89 people were murdered when extremists opened fire at Le Bataclan in the French capital during a gig by the US band.

Two weeks ago, lead-singer Jesse Hughes told Taki Magazine website that he saw some “terrorists” in the concert hall before the November 13th show and also saw “Muslims celebrating in the street during the attack”. Back in March, Hughes was forced to apologise for his suggestion that Le Bataclan security guards may have been involved in the terrorist attacks.

Now Ismael El Iraki, who was at the concert and is himself a Muslim, has penned an open letter to Hughes, criticising the rocker's recent statements.

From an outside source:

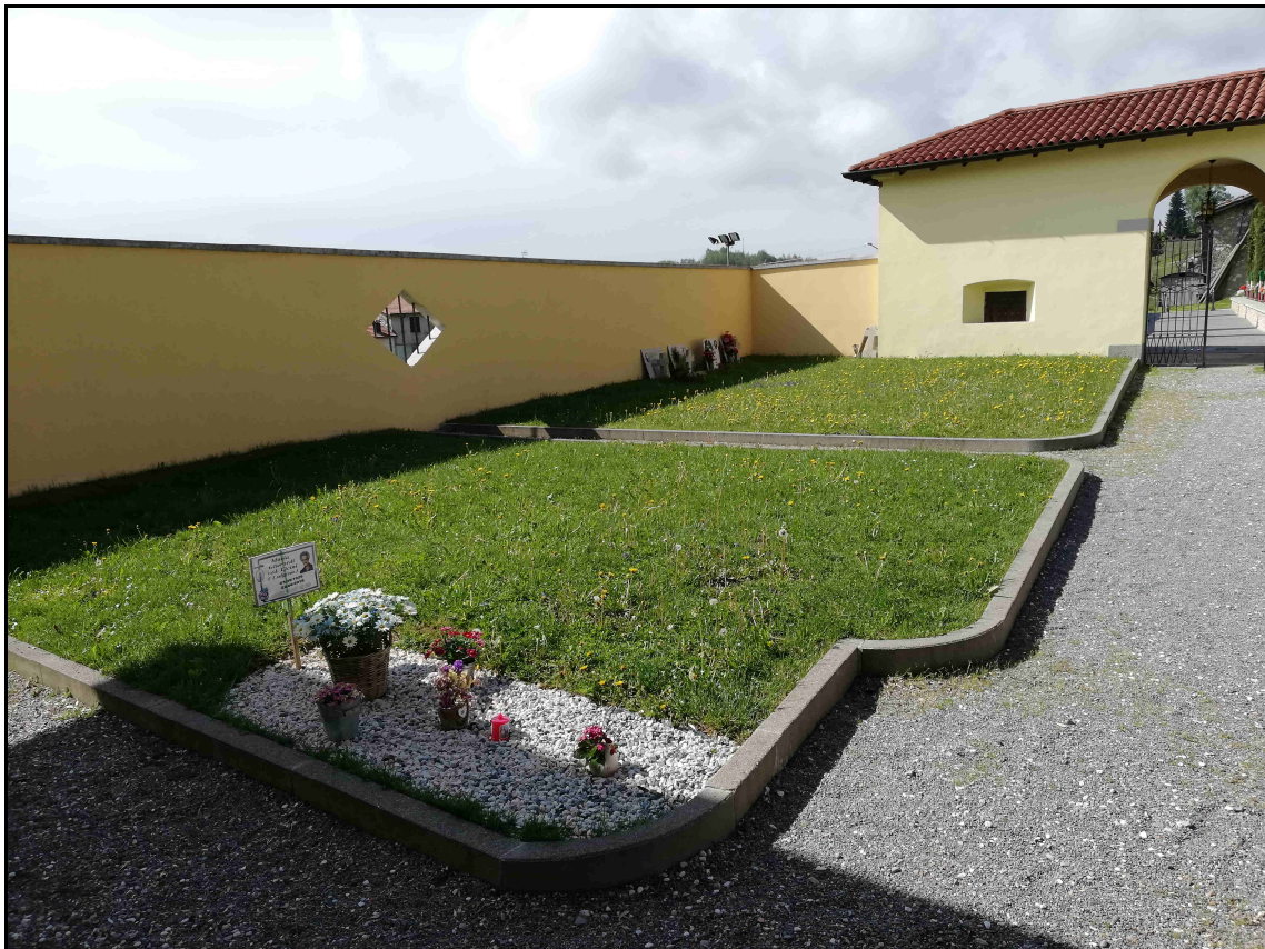
F. 06 – Vista Campi D e A

In the letter posted to his Facebook page, El Iraki claims the singer's comments had "reopened a nasty wound" and pointedly said, "As I said I live and breathe rock 'n' roll, and I could not look more Muslim if I tried. But apparently, the big bad Muslim conspiracy missed me. Damn, they forgot to warn me."

Later in the letter he tells Hughes that, "What pains me most is that you do not even realize that a huge number of us who managed to get out alive of this horrible ordeal owe our lives to a Muslim guy...".

You say: "Islam is the problem". I say: "All you fucking bigots and your fairytale shit stories are the problem. Racism and refusal to recognize one another as complex (more complex than ethnicity or race can explain) human beings is the problem.

Two French music festivals recently dropped Eagles of Death Metal from their line-ups this summer following the singer's comments. The Rock en Seine concert in Paris and the Cabaret Vert festival in Ardennes in northern France issued a joint statement in which they said they are “in total disagreement with Jesse Hughes’s recent allegations...".

Back in December U2 closed their European tour in Paris and were joined onstage by Eagles of Death Metal for a cover of Patti Smith's People Have the Power

At the gig Bono said "They were robbed of their stage, so we would like to offer them ours".